That’s not quite right—the headline makes it sound as if the Supreme Court ruled and then people could go ahead and get married. It would be more accurate to say that the ruling “cleared the way for the restoration of gay marriage in California.”
This ruling was especially tricky, because it was so technical. Basically, the court said that, since the government decided not to appeal the court of appeals’s decision, the case should not have continued on to the Ninth Circuit. A private group had no right to come in and argue the anti-marriage case.
SCOTUSblog has a full explainer on this, so I’ll be brief. In short: A lot has to happen before marriage becomes legal again in California, even after the ruling. The court of appeals has to lift its stay on gay marriages that they imposed on the district court’s judgment (they’ve now said it will be lifted in 25 days from the ruling). And it has to be decided by the state government (which is gay marriage-friendly) that the District Court decision prohibiting officials to enforce the heterosexual-marriage only restriction of Proposition 8—that was the big Prop 8 trial overseen by Judge Vaughn Walker—applies to everyone, not just the two couples who sued. Even now, it might not be over.
As the Los Angeles Times so capably explained:
Opponents of gay marriage have suggested they might go back to court to try to prevent Brown from enforcing the injunction beyond the couples named as plaintiffs in the lawsuit.
District judges generally are supposed to apply injunctions narrowly to the parties before them unless they are deciding a class action lawsuit or unless a broad order is the only way to protect the plaintiffs who sued. The Proposition 8 challenge was not filed as a class action.
Gay rights lawyers say they are confident any effort to limit Walker’s decision will fail.
Did readers in other states need to know all that? Not necessarily. But they did need to know that the Supreme Court didn’t give Californians the immediate right to marry, it only cleared the way for marriages to happen. It might seem like a small difference … unless you’re a gay Californian who is hoping to wed.

I note this story leaves out the most common error of all -- thoroughly one-sided, pro-gay reporting at all levels of the major media.
Of course, if journalists were objective that might not happen.
#1 Posted by Dan Gainor, CJR on Fri 28 Jun 2013 at 10:09 PM
"because of the Full Faith and Credit Clause of the Constitution, a state usually has to recognize marriages performed in other states"
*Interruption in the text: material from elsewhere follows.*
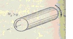 | Реферат: Механические свойства твердых тел в практикеΣХ = 0; ΣY=0; ΣZ = 0; Σ mx= 0; Σmy = 0; Σ mz = 0. (10) Кроме проекций на соответствующую ось (или моментов относительно оси) всех внешних сил, приложенных к оставшейся части, в каждое уравнение входит только одно неизвестное усилие. Это обстоятельство подтверждает целесообразность раздельного определения составляющих главного вектора и главного момента внутренних сил, поскольку отпадает необходимость в совместном решении нескольких уравнений. Независимо от закона распределения по сечению внутренние силы всегда приводятся к стандартной системе усилий N, Qx, .., My, алгебраические значения которых зависят только от абсциссы сечения z. Усилия связаны с конкретными видами деформации бруса, которые подробно рассматриваются в последующих главах. Если в поперечных сечениях возникает, например, только продольная сила N, а остальные усилия отсутствуют, то брус испытывает растяжение или сжатие (в зависимости от направления силы). При наличии только поперечной силы ( или Qx, или Qy, или обеих вместе) возникает сдвиг. Если не равен нулю только момент Mz, то брус работает на кручение. При возникновении только изгибающего момента Mx или My брус испытывает чистый изгиб соответственно в плоскости zQy или zQx. В более общем случае к изгибающему моменту добавляется поперечная сила ( в первом случае Qy, во втором – Qx). Такой изгиб называется поперечным. Из изложенного следует, что разложение главного вектора и главного момента внутренних сил на составляющие имеет не формальный, а чётко выраженный физический смысл. 1.6.Крутящий момент Кручению подвергаются многие детали машин и сооружений: валы двигателей, станков и машин, оси локомотивов и моторных вагонов, элементы пространственных конструкций. Ограничимся рассмотрением вопросов, представляющих интерес с точки зрения расчёта строительных машин, а также подъёмно-транспортного и такелажного оборудования для монтажа строительных конструкций. Брус испытывает кручение, если к нему прикладываются пары сил, лежащие в плоскостях, перпендикулярных его продольной оси. Моменты этих внешних пар обозначают m (рис.21, а). Под действием внешних моментов в поперечных сечениях закручиваемого бруса возникает единственная составляющая главного момента, которая называется, как отмечалось в п.1.5, крутящим моментом и обозначается Mz.. Остальные составляющие главного момента, а также все составляющие главного вектора равны нулю. Крутящий момент определяют методом сечений. Брус рассекают воображаемой плоскостью, перпендикулярной его продольной оси, мысленно отбрасывают одну из образовавшихся частей, а ее действие на оставшуюся часть заменяют неизвестным моментом Mz (рис.21, б). После этого составляют единственное уравнение равновесия оставшейся части Σmz=0, из которого и определяют значение Мz. Таким образом, крутящий момент в поперечном сечении бруса численно равен алгебраической сумме внешних моментов, приложенных одной стороны от рассматриваемого сечения. Правило знаков. Условимся считать крутящий момент положительным, если внешний момент m направлен по ходу часовой стрелки при взгляде от сечения к любому концу бруса (рис.22).

"If DOMA was struck down completely, it would mean that if a couple got married in New York but lived in North Carolina, then North Carolina and the federal government would recognize their marriage."
These statements are incorrect. FFC has always been applied to judgments in legal cases and never to marriages. Historically, a state has always been free to refuse to recognize other states' marriages, and many have done so. HuffPo and the NYT have written on this topic, and I've linked them below.
If one is going to write about media outlets getting the law wrong, it's probably a good idea to get the law right yourself, and not simply restate incorrect conventional wisdom.